Bill Hybels, pastor at the Willow Creek Community Church near Chicago, would call that "holy discontent," which he distinguishes from mere "discontent" along these lines: Discontent is when we watch a terrible event unfold on television, remark that "something ought to be done about that," then tune in quickly to the Movie of the Week.
"Holy discontent," he says, is when we watch the same event, put down the remote control and go into the street to do something about it-when God seizes our heart in a way that compels us to act. This is what I experienced in India while working with the very lowest of the untouchables, the Bhangi Dalits, and particularly as I encountered the enormous hardships the children were enduring every day.

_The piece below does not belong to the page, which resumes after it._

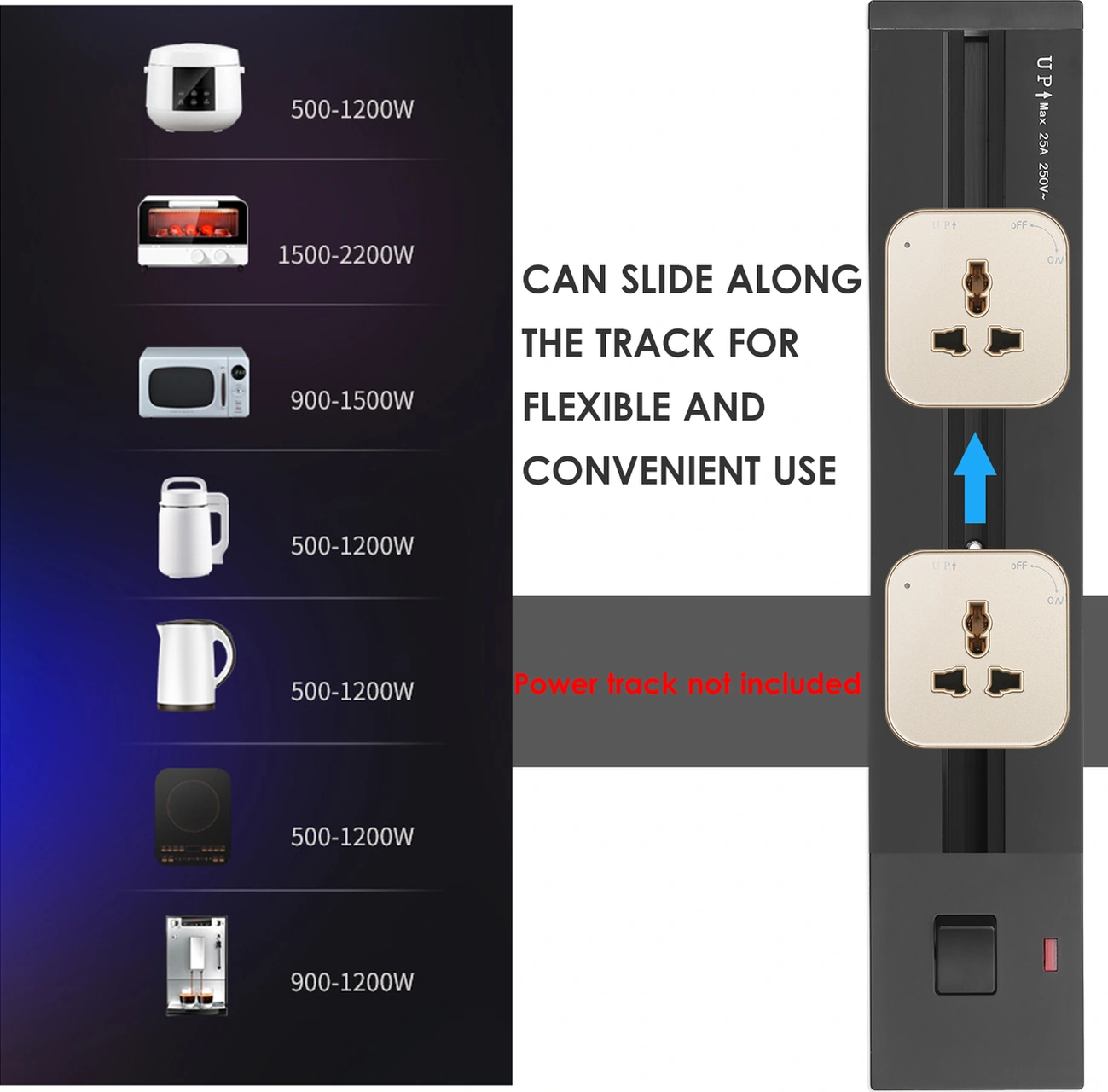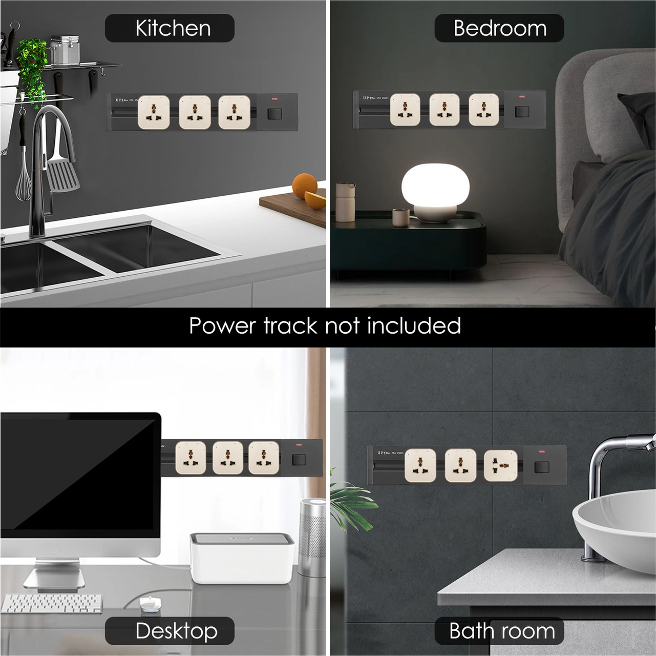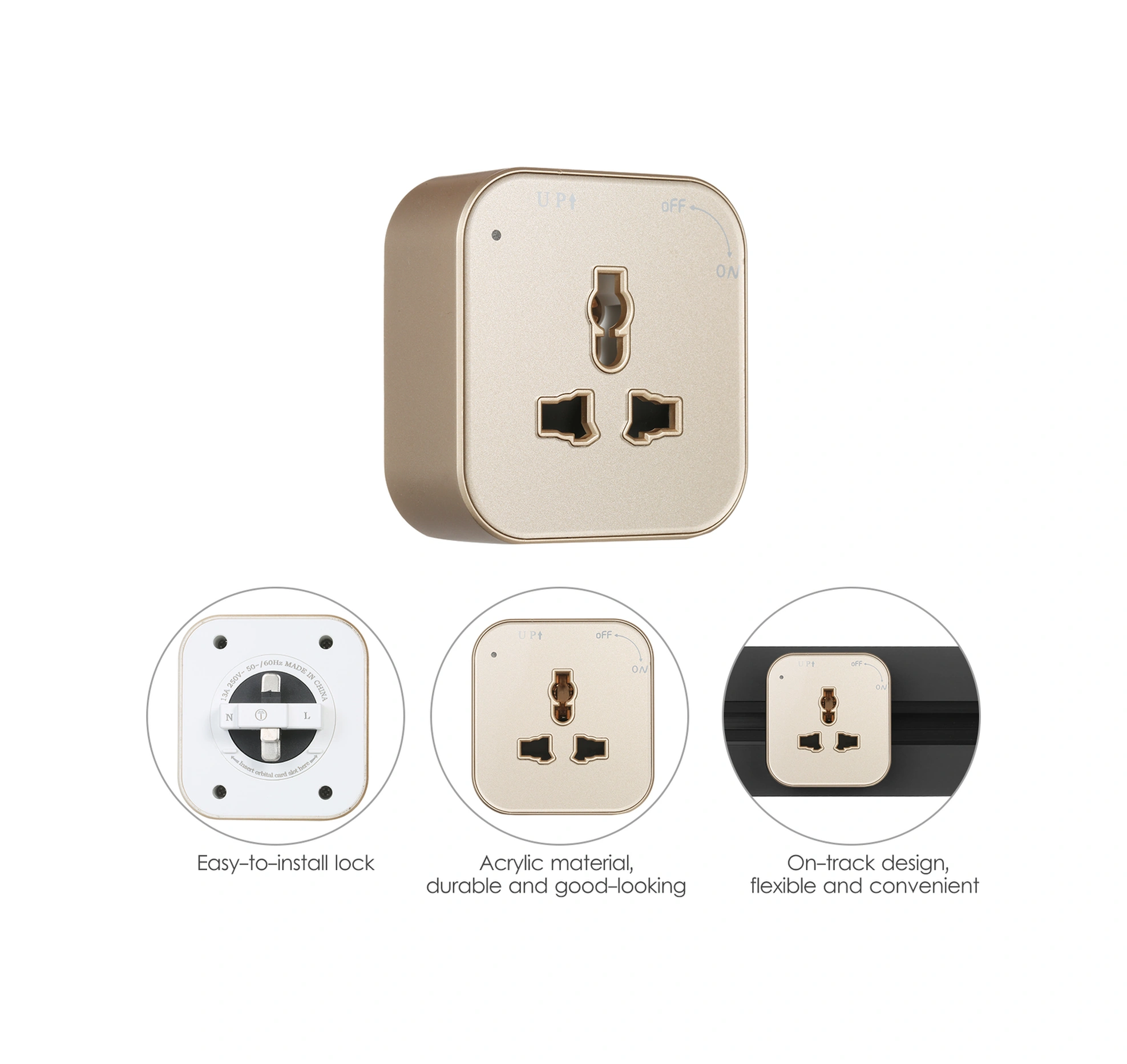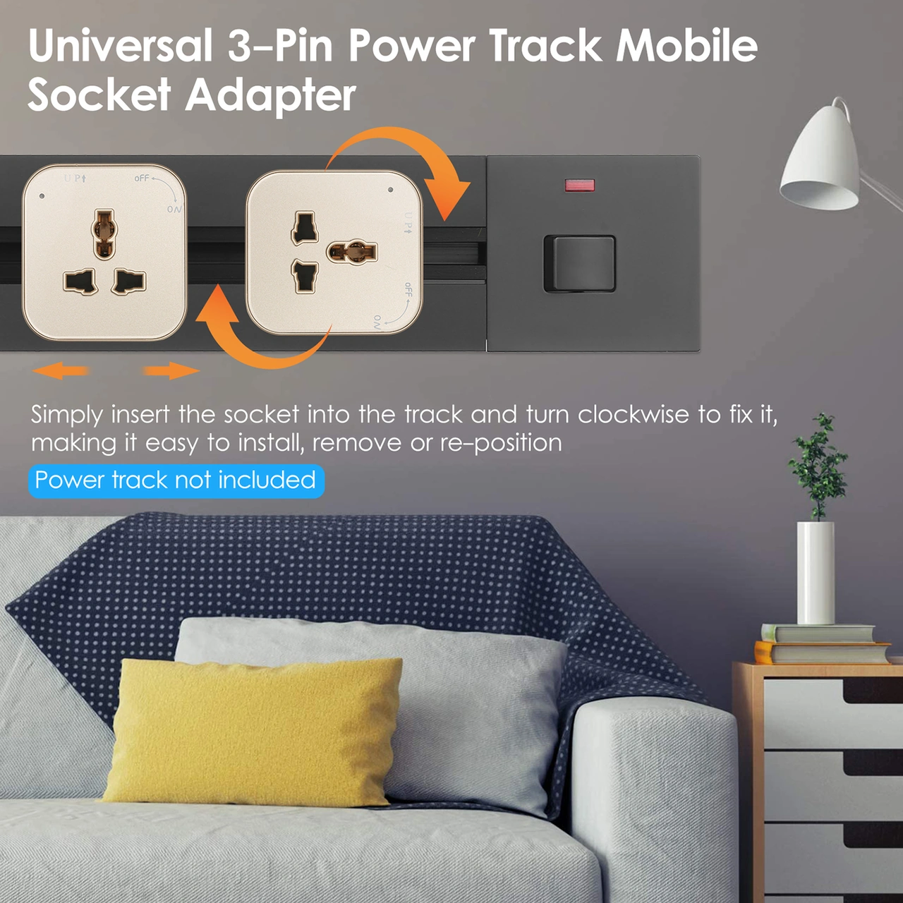 Youtek Altın Renkli Akrilik Uçaklı Tabanlı 3-pin Evrensel Tak Adaptörü - Kaydırılabilir Elektrik Rayı Uyumlu, Kolay Kurulum, Ev/ofis Kullanıma Uygun Altın

It was a much-anticipated experience for me to return to India in my role with Habitat for Humanity International and to demonstrate that "holy discontent" in partnership with a few thousand volunteers and with families who urgently needed a safe, solid home they could afford. At the end of the week, as we dedicated two adjoining homes that I helped build, Aziz, one of the homeowners, put his arm around Subhash, his new neighbor, and said, "We are from different faiths and different castes, but now we are brothers."
As a child, I often heard my grandmother Millicent Fenwick, the late congresswoman and social justice pioneer, recite Micah 6:8, which says: "... And what does the Lord require of you? To act justly, and to love mercy and to walk humbly with your God."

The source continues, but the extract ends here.